PTLD treatment and outcomes-entire cohort
Median duration of follow up for the entire cohort from PTLD diagnosis until death or last follow up was 33.2 months (IQR 9.1; 78.5). All patients except one underwent reduction of their net is following PTLD diagnosis. Post-lymphoma diagnosis, the IS regimen was CNI-based in 15 (50%) patients, mTOR-based in 12 (40%) patients, one (3%) was maintained on prednisone only, and 2 (7%) patients were taken off all IS medications. Fourteen patients in our cohort received Rituximab, cyclophosphamide, doxorubicin, vincristine, and prednisone (R-CHOP) as their first line of chemotherapy, 3 received doxorubicin, dacarbazine, vinblastine, bleomycin (ABVD) for Hodgkin lymphoma and an additional 3 patients received Rituximab only. Additional treatments included rituximab, etoposide, prednisone, vincristine, cyclophosphamide, doxorubicin (R-EPOCH), cyclophosphamide, etoposide, prednisolone, vincristine (CEOP), radiation and methotrexate, and CHOP. Three patients were never treated for their lymphoma, with palliative supportive/comfort measures and hospice implemented instead, and one additional patient was never treated and remains under surveillance due to indolent T-large granular lymphocytic leukemia. At time of last follow up, 20 of our patients were in remission, 3 were noted to have relapse of their lymphoma, and 3 had refractory disease. Of the 20 patients who were in remission at time of last follow up, 15 achieved remission after 1st line treatment, with the additional 5 patients achieving remission after 2nd line treatment. Progression free survival (PFS) estimated at 88% at 1 year, 83% at 3 years, and 76% at 5 years (Figure 1A). The overall survival (OS) curves reveal 81% survival at 1 and 3 years, and 75% survival at 5 years (Figure 1B).
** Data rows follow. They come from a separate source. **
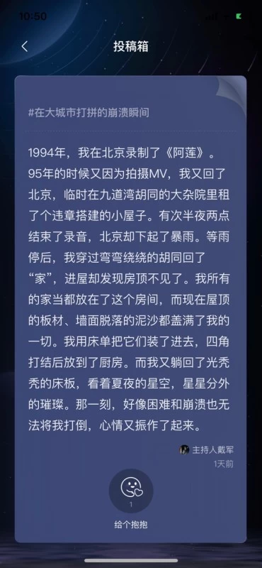 喜马拉雅在这档节目中,内容之外,通过产品交互上的功能创新升级,增强了节目与听友、听友和听友之间的互动,使得平台和听友之间有了更强的情感连接。值得一提的是,在互动页,喜马拉雅用“抱抱”代替“点赞”,更强化了听友在这里“抱团取暖”的社区温情属性。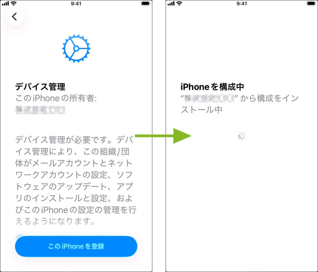 4. デバイス管理画面が表示されます。[ この iPhone を登録 ] をタップすると、MDM 構成プロファイルのインストールが開始されます。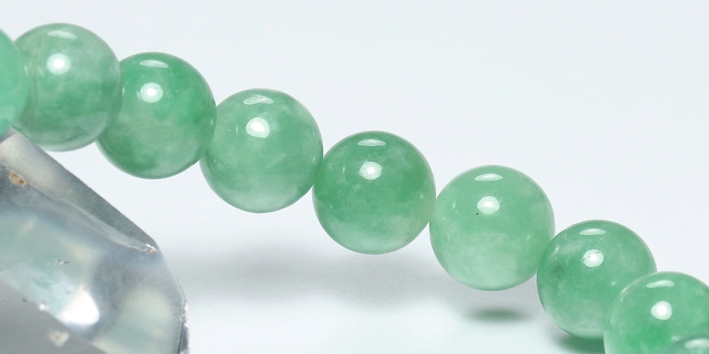 翡翠(ヒスイ)は、非常に高い靱性を持ち衝撃に強いので、着用時は特に注意を払う必要が無いという点でも、普段から肌身離さず身に着けるお守りブレスレットとしても適しているかもしれません。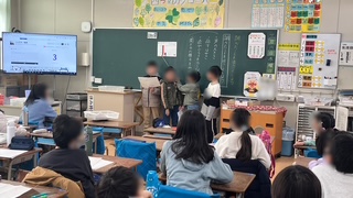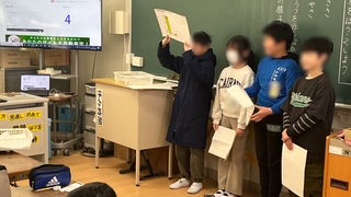 国語の学習で調べたことを発表する活動です。班で協力して、学級内でアンケートを取ったり聞き取りをしたりして調べたことを資料も作って発表しました。
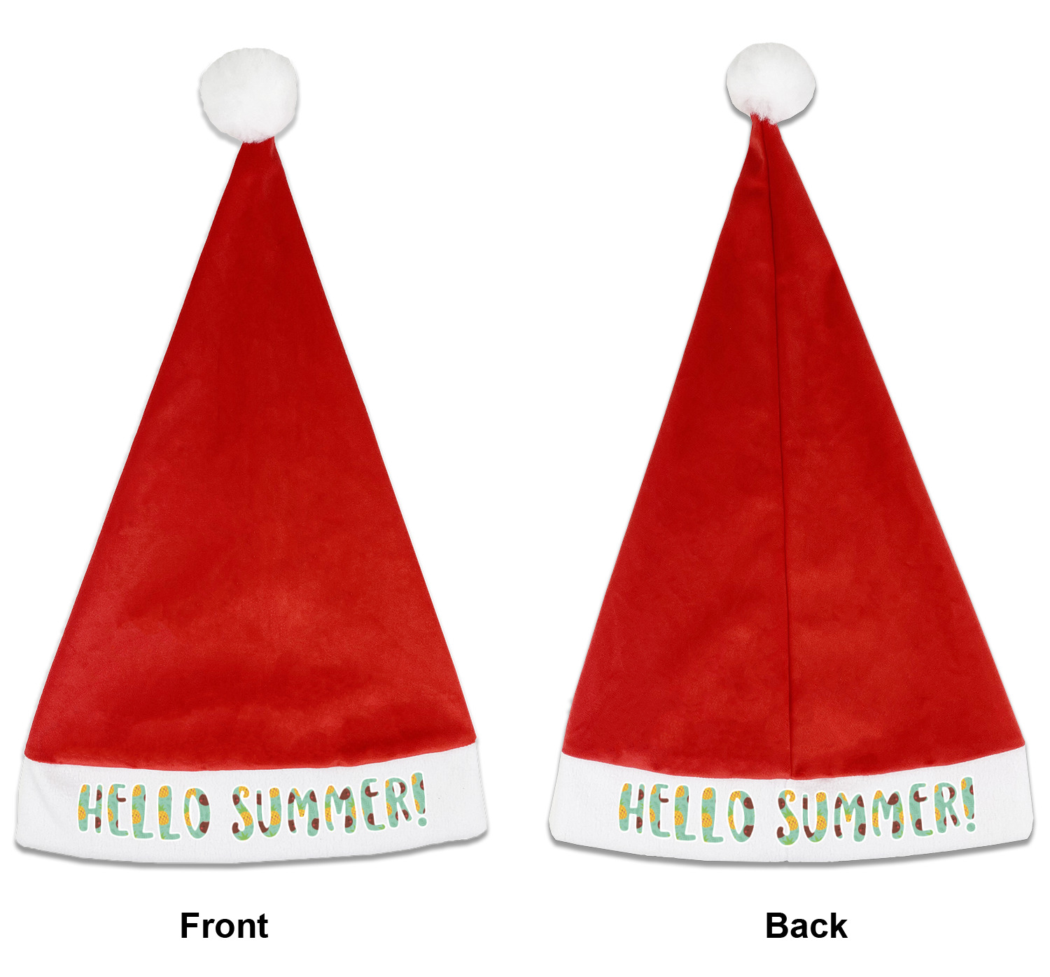 Our Santa hats are a soft, velvety polyester material. These customizable Santa hats are a classic red with white brimming and pom pom ball hanging off the hat tail just like Santa Claus! Each personalized Santa hat is approximately 17.5 L x 11.8 W. We offer two different styles to print your designs on the white brim - front or front & back.
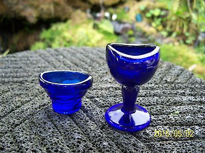 Pair Blue Glass Embossed Bases 1917 John Bull=&=Oprex Bath Wash Cups

The three patients who were never treated were excluded from the KM PFS and OS analyses and curves.
Figure 1.

Progression free survival (PFS) and overall survival (OS) for entire PTLD cohort. A. KM curve describing PFS for the 27 patients who received any form of anti-lymphoma treatment. PFS at 1 year was 88% (95% CI 76-100%), 83% at 3 years (95% CI 69-100%), and 76% at 5 years (95% CI 58-98%). B. KM curve describing OS for the 27 patients who received any form of anti-lymphoma treatment. OS at 1 and 3-years was 81% (95% CI 67-97%) and 74% at 5 years (95% CI 58-95%).
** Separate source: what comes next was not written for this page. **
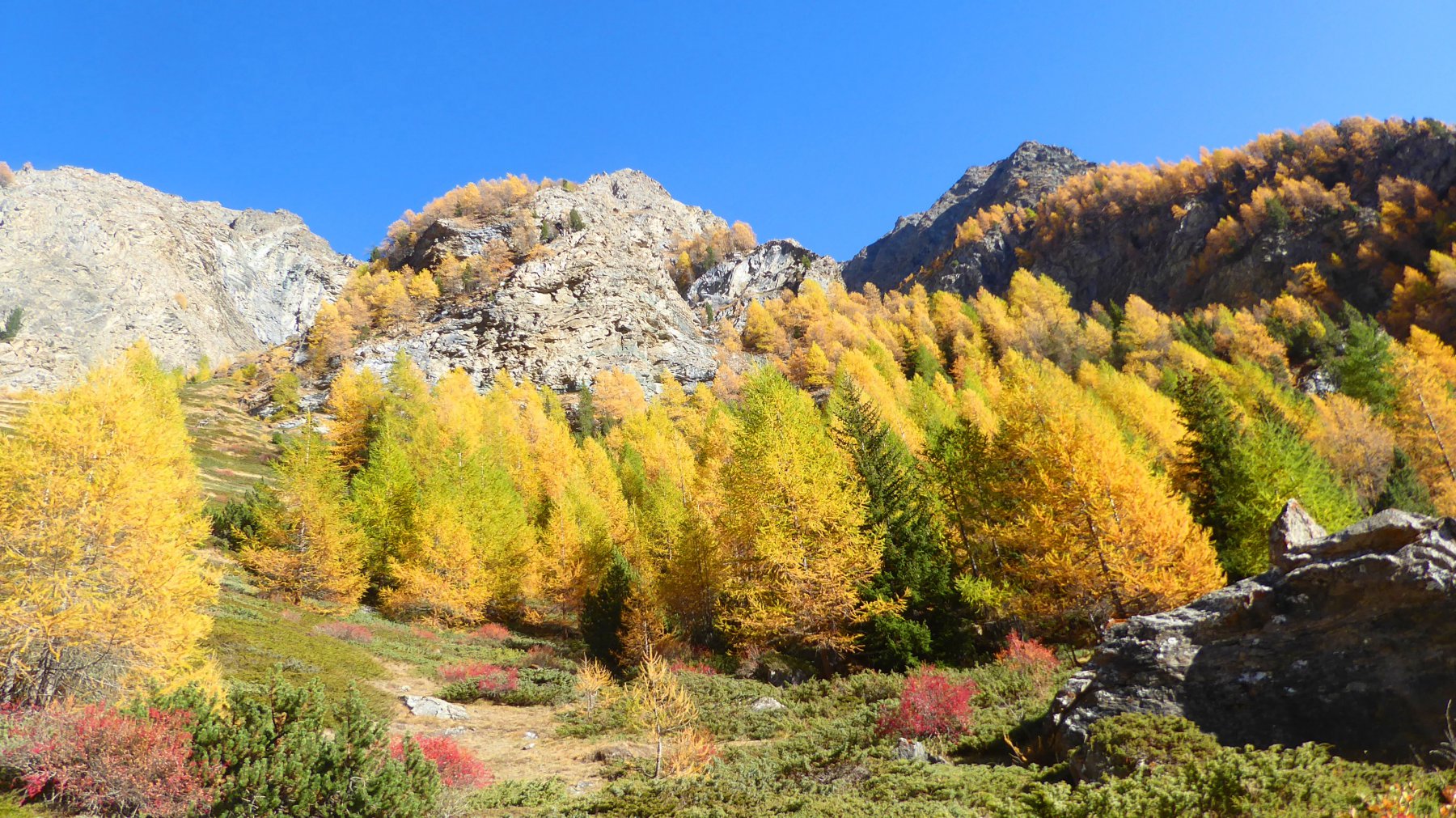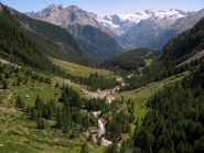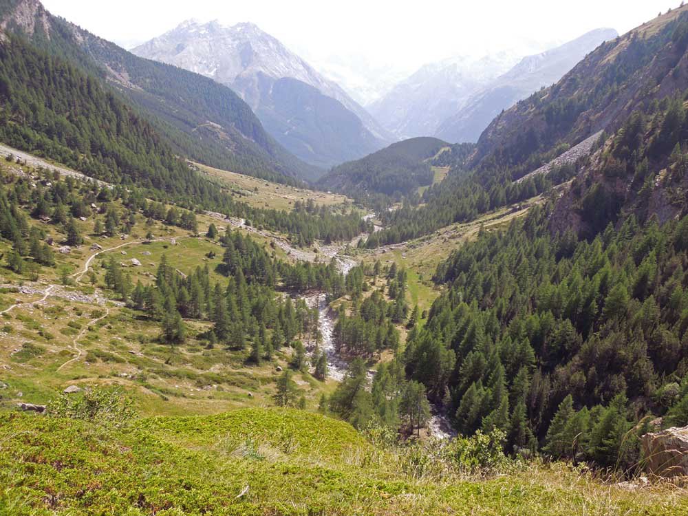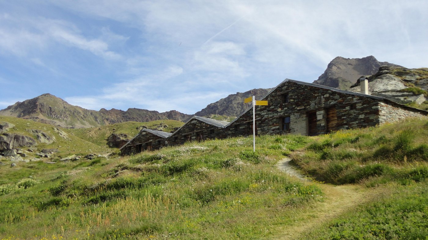 Da Gimillan si segue il sentiero 8 che sale per i prati dietro il paese, e prosegue poi a mezzacosta. Dopo una leggera discesa al ponte di Ecloseur 1925 m, si riprende a salire per il vallone, lasciando a sinistra la cascata dell’Alpe Pila, e giungendo così alle Alpi Grauson Vieux 2271 m (ottima sorgente).

PTLD treatment and outcomes-treated DLBCL cohort
Fourteen out of the fifteen patients with PTLD DLBCL were treated with R-CHOP following reduction of IS, with one treated with radiation, and high dose methotrexate followed by rituximab, for PTLD DLBCL with CNS lymphoma. Twelve patients achieved remission, and 3 had relapse of their disease at a median of 8.4 months (IQR 7.5; 17.1) from diagnosis. PFS of the PTLD DLBCL cohort was calculated at 86% at 1 year, and 77% at 3 and 5-years (Figure 2A). All three patients who relapsed, eventually died from their lymphoma despite second line therapy, with median time from PTLD DLBCL diagnosis to death of 9.2 months (IQR 8.6; 27.4). Of note, all three patients who died were liver transplant recipients, and all were reported to have a working allograft at time of death. The OS of the PTLD DLBCL cohort was 86% at 1 and 3-years, and 75% at 5 years (Figure 2B).
Figure 2.

Progression free survival and overall survival for the PTLD DLBCL cohort. A. KM curve describing PFS for the 15 PTLD-DLBCL patients. PFS at 1 year was 86% (95% CI 69-100%), and 77% (95% CI 57-100%), at 3 and 5-years. B. KM curve describing OS for the 15 PTLD-DLBCL patients. OS was 86% (95% CI 69-100%) at 1 and 3-years, and 75% (95% CI 55-100%), at 5-years.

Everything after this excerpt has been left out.